To be able to run a validator, you need 32 ether. This is, at the time of writing this, already a decent amount of money. Some may ask me why would running a validator be better than, simply lending it through a lending marketplace like Aave or Compound. The reason is pretty simple. Aave and Compound are simply start-ups trying to leverage the financial capabilities of Ethereum. That's all, nothing more. But by lending money on Aave or Compound, you are taking quite a lot of risks. First, you are taking a risk regarding Ethereum. No one knows what can happen in the future with it. Second, you are taking a big risk regarding the platform itself, Aave or Compound in this case. Third, you are taking a big risk regarding the cryptocurrency you are using to lend money. And finally, this is not a risk, but you are paying a fee to the tokenholders of LEND or COMP. To summarize, there are 3 pretty major risks, and one very annoying problem.
So there are quite a few reasons why you would not want to use a lending marketplace as your primary investment vehicule in the cryptocurrency world for something you want to hold for the next 10 years.
Running a validator has a few advantages. First, you are actively supporting the network you are bullish on. Second, you generate revenues on a daily basis. I'm pretty sure some people will even be able to live without working thanks to their validators. Third, once its setup, there is not a lot to do. In the beginning, you may struggle a bit with setting up the servers, but once it's running, it's running. And finally, there is no fee, you are actually the one charging the fee. However, there is a certain fee (which can be substantial), in the sense that you will likely need to pay for servers to be able to run the validator, unless you have a supercomputer at home of course.
Let's cover the economic aspects of running a validator.
With 100m ether staked, validators will be earning around 1.88% on a yearly basis. If less is staked, they will earn more. I'm guessing on a 10-year period, on average, validators will be making around 2.25% yearly returns on their staked ETH.
2.25% yearly, that's 24.92% or nearly 25% of returns on a 10-year period. 25% may seem like something pretty little to you, I can guarantee you it's gigantic. Where I live, banks will give you a 0.11% interest on a yearly basis. On a 10-year period, that's only 1.1% of returns.
But let's not forget that on top of that, I'm insanely bullish on ETH. Let's speculate a bit here, by saying that ETH will 50x in the 10 following years. Running an ETH validator currently costs around 12800$, so assuming ETH indeed 50x's in 10 years, that means you will have around 640000$ by then. But wait! You still have 25% on top of that which you gained through the interest. This makes it 800000$. You literally 62.5x'ed in 10 years time, while the market in general "only" 50x'ed.

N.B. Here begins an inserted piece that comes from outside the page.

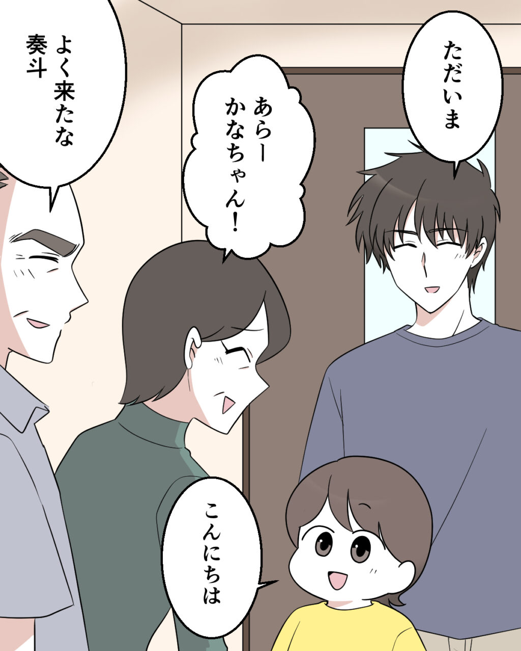 凪子と離婚後、俺は実家に戻って暮らしています。凪子から奏斗を預かった俺は、ファミレスでご飯を食べた後、いつものように奏斗を家に連れて行きました。家に入ると、待ち構えていた両親が「あらーかなちゃん!」「よく来たな、奏斗」と笑顔で出迎えます。奏斗も「こんにちは」と笑顔で挨拶。

Now as I'm pretty young as I said earlier in this blog post, I don't have 12800$ laying under my bed. However, I have little bag of ETH I will be staking, along with people I know. And together, we will have enough to cover all the 32 ETH necessary to create the validator.
So no excuses guys. Even if you don't have as much as 32 ETH to stake, you can always form groups with other people. Because together, you are stronger.